Malaysia’s Anwar meets king in bid to form new government
Malaysian opposition leader Anwar Ibrahim said he presented the king Tuesday with evidence that he has enough support among lawmakers to topple the prime minister and form a new government, an assertion the palace rejected.
Anwar said he showed he has the support of over 120 lawmakers, which would allow him to unseat Prime Minister Muhyiddin Yassin.
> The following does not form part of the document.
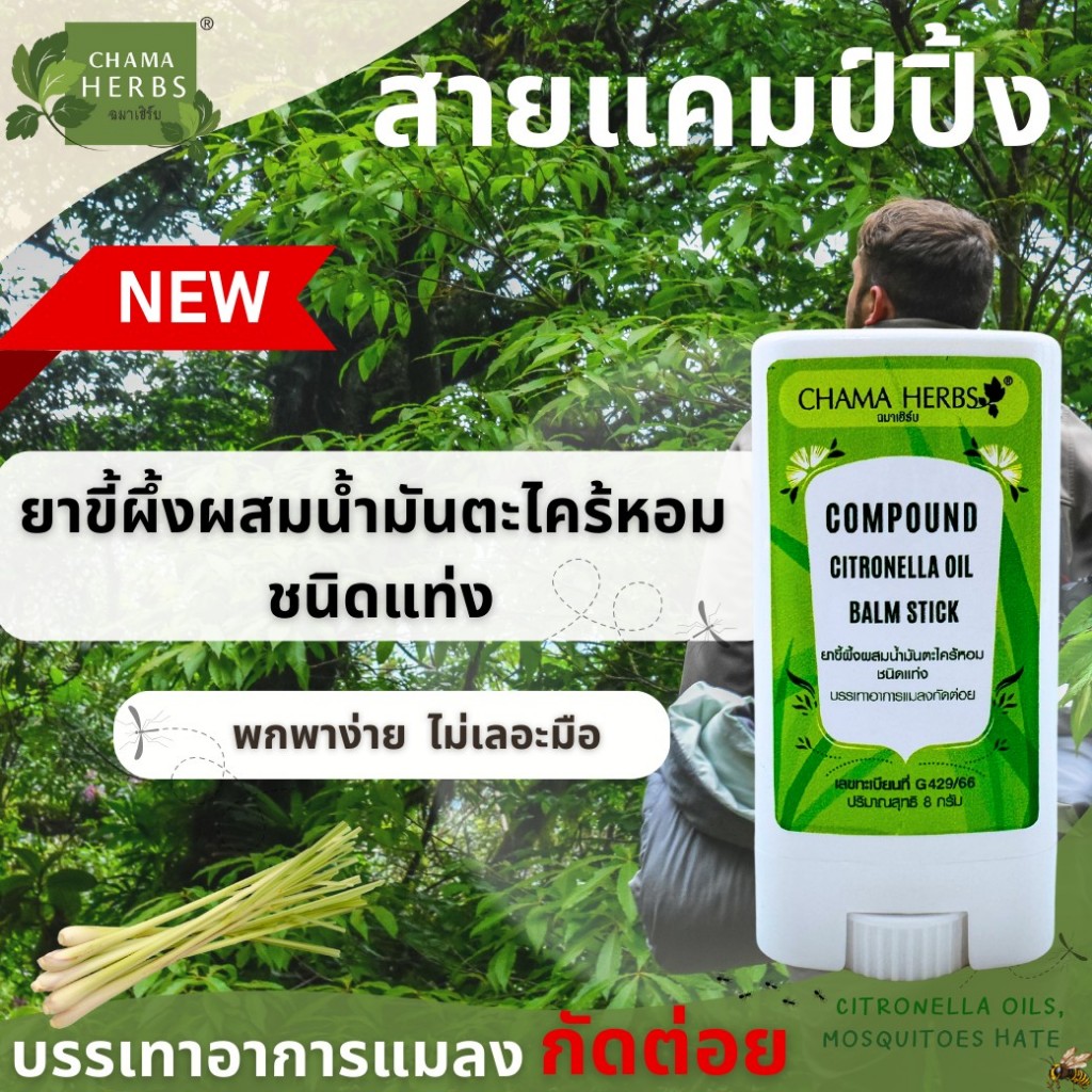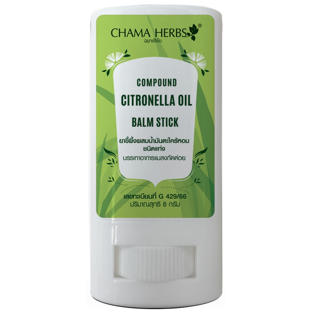 Chama Herbs ฉมา เฮิร์บ ยาขี้ผึ้งผสมน้ำมันตระไคร้หอม แบบสติ๊ก Citronella Oil Balm Stick (8 g)
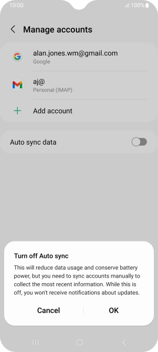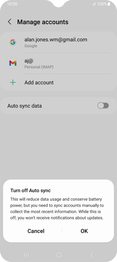 Press the indicator next to "Auto sync data" to turn the function on or off.

Anwar said the monarch pledged to abide by the constitution and would consult leaders from other parties before making a decision. He declined to give details, urging Malaysians to be patient and give the king a chance to review the evidence.
“These documents made it abundantly clear that we have registered a formidable and convincing majority among parliamentarians,” Anwar said at a news conference after the royal meeting. “Prime Minister Muhyiddin Yassin has lost his majority and therefore, it would be appropriate for him to resign.”
After the news conference, however, the palace released a statement denying that Anwar provided evidence of support. It said Anwar only told Sultan Abdullah Sultan Ahmad Shah how many lawmakers supported him but didn’t reveal their identities.
It said the king advised Anwar “to abide by and respect the legal process” based on the constitution.
Muhyiddin, who took power in March after securing enough support in Parliament to unseat Anwar’s reformist alliance, said later Tuesday that he would leave the matter to the king’s judgment.
The prime minister, who previously dismissed Anwar’s claim to a majority, said his priority now is to control a new coronavirus outbreak and manage the economic consequences. Malaysia has reported more than 16,000 cases with 159 deaths.
Muhyiddin currently boasts a slim two-seat majority in the 222-seat Parliament and has been grappling to maintain support amid infighting in his governing coalition. Allies in his Malay-centric coalition also denied supporting Anwar, and branded Anwar a “desperado” for seeking to wrest power during the pandemic.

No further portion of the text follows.